Listed entries below:

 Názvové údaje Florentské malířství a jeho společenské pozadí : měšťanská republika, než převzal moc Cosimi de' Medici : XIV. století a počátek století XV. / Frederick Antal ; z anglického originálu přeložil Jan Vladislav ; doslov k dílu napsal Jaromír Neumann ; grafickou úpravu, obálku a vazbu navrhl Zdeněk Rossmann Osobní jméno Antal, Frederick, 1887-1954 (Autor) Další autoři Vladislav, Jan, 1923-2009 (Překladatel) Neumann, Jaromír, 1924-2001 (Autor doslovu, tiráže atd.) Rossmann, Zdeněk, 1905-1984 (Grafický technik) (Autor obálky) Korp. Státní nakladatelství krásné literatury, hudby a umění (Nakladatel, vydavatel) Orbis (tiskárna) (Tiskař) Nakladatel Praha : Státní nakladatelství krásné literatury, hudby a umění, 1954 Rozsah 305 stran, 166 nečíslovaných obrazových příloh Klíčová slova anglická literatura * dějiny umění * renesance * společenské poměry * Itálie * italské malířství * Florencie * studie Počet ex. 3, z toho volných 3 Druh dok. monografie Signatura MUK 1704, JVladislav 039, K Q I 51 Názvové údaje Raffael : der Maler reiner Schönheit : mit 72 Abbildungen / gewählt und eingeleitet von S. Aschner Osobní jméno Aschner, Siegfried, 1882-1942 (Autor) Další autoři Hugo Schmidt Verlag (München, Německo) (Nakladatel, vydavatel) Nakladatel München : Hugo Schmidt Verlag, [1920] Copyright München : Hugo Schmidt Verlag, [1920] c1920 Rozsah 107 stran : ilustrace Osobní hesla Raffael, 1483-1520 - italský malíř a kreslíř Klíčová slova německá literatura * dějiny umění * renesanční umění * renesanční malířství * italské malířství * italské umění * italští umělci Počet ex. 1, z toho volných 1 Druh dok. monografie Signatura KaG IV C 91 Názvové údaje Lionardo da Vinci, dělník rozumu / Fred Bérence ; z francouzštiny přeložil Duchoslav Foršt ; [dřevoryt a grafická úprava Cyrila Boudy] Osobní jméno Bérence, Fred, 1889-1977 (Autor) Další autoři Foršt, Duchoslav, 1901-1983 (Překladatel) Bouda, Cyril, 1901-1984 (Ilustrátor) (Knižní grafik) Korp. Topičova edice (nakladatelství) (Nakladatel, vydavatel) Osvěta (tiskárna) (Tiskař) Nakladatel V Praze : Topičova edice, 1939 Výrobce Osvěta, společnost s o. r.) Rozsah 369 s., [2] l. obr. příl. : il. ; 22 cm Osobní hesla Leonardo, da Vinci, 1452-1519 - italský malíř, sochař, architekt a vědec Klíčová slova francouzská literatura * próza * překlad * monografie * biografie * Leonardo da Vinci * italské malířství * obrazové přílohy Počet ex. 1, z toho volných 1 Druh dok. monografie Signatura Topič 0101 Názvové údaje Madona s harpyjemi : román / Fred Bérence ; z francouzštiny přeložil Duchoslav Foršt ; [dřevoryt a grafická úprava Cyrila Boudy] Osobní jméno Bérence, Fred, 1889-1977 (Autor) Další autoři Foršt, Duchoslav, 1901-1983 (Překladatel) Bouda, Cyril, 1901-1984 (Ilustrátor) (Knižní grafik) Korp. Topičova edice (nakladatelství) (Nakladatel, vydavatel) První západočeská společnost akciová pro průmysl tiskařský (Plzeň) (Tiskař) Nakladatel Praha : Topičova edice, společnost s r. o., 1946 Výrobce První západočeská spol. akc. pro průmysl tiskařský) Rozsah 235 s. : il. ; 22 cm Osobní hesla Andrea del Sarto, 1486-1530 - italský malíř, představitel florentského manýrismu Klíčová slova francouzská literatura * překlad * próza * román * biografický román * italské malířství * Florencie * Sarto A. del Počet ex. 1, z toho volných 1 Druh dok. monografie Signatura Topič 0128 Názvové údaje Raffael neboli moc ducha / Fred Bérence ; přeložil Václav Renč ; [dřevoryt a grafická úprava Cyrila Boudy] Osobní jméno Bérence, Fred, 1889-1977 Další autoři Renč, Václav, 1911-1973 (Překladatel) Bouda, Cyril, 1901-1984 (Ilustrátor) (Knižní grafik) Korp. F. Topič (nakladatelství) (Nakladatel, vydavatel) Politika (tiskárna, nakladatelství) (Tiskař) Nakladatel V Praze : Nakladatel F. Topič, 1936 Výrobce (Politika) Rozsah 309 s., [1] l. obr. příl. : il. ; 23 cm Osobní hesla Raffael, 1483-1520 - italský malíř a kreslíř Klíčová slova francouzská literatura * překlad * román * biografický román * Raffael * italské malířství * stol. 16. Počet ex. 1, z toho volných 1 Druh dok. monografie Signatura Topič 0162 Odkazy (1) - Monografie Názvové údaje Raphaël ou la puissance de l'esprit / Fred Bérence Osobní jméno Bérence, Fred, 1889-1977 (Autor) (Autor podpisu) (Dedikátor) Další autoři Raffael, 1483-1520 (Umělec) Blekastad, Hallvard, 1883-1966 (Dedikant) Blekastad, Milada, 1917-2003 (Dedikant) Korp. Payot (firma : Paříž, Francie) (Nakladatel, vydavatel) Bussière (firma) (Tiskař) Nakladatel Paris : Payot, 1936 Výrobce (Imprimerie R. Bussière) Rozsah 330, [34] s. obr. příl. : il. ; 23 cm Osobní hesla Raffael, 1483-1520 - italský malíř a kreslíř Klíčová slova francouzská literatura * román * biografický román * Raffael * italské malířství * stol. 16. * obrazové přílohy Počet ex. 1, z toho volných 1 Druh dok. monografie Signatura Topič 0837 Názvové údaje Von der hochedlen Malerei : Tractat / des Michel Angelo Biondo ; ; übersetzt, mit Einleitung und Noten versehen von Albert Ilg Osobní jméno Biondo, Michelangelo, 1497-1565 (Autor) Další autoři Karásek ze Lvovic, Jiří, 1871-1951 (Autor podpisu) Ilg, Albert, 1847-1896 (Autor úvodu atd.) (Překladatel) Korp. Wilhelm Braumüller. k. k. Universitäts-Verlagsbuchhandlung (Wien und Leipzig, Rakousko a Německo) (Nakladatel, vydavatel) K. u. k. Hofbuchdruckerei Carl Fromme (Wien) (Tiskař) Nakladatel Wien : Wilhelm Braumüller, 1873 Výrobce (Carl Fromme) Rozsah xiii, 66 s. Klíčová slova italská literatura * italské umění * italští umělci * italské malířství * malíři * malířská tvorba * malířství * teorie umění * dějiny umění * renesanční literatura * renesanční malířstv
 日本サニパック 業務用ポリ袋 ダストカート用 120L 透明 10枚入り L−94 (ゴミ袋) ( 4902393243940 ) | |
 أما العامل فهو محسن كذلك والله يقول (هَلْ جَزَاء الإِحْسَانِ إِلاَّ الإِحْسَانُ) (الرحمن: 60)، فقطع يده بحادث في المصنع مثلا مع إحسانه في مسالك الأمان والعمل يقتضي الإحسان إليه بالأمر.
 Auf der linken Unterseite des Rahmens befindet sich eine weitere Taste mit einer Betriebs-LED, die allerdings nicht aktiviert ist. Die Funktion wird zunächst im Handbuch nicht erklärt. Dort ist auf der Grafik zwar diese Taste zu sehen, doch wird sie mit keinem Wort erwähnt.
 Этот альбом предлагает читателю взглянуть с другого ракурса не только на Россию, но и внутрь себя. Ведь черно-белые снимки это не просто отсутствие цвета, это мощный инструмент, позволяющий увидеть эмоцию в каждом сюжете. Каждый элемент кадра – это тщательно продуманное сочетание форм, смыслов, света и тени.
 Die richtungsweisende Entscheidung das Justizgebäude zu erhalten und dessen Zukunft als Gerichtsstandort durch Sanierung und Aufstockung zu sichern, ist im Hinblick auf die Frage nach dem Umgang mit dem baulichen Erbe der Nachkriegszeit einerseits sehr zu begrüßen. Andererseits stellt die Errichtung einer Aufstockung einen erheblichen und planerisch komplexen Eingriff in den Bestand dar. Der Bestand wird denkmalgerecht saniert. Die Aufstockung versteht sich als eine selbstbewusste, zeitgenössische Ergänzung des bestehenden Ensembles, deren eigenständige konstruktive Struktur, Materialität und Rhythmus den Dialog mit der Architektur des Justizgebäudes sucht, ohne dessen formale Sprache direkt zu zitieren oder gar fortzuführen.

End of Listed entries.

■ What is expected: Say how many lines of the entries above hold the string "wird", and say nothing besides the number.

■ Task result: 2